--- DATA SEGMENT ---
# # # # #
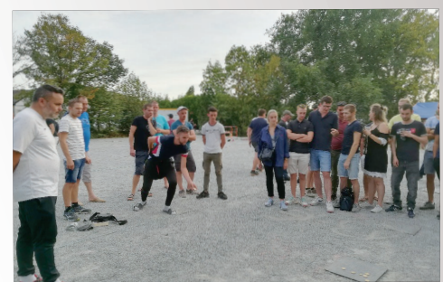
Concours de palets Amicale laïque
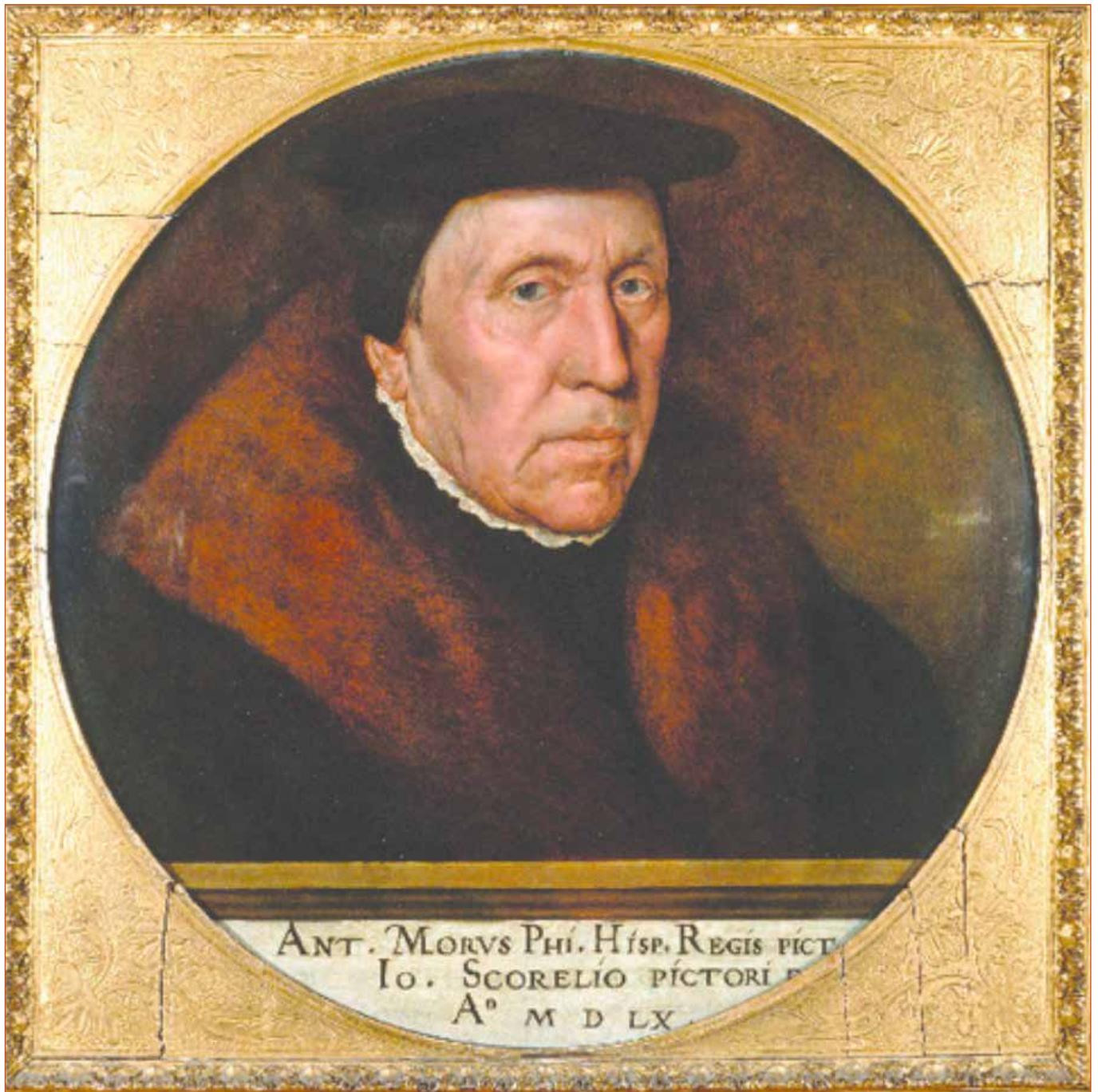
Een schitterend portret van de oudere Jan van Scorel - hij is hier 64 jaar - geschilderd door Anthonie Mor, één van Van Scorels begaafde leerlingen. Jan van Scorel overleed op 67-jarige leeftijd in 1562 te Utrecht.
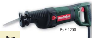
Ps E 1200
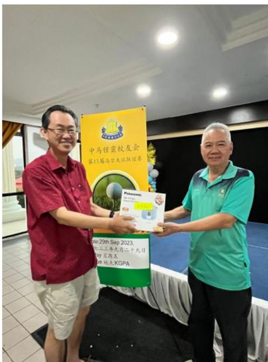
Nearest to Line
# # # # #
--- PROBLEM TO WORK ON ---
In full and without any pictures, print the listing above exactly.

--- OUTPUT ---
Concours de palets Amicale laïque
Een schitterend portret van de oudere Jan van Scorel - hij is hier 64 jaar - geschilderd door Anthonie Mor, één van Van Scorels begaafde leerlingen. Jan van Scorel overleed op 67-jarige leeftijd in 1562 te Utrecht.
Ps E 1200
Nearest to Line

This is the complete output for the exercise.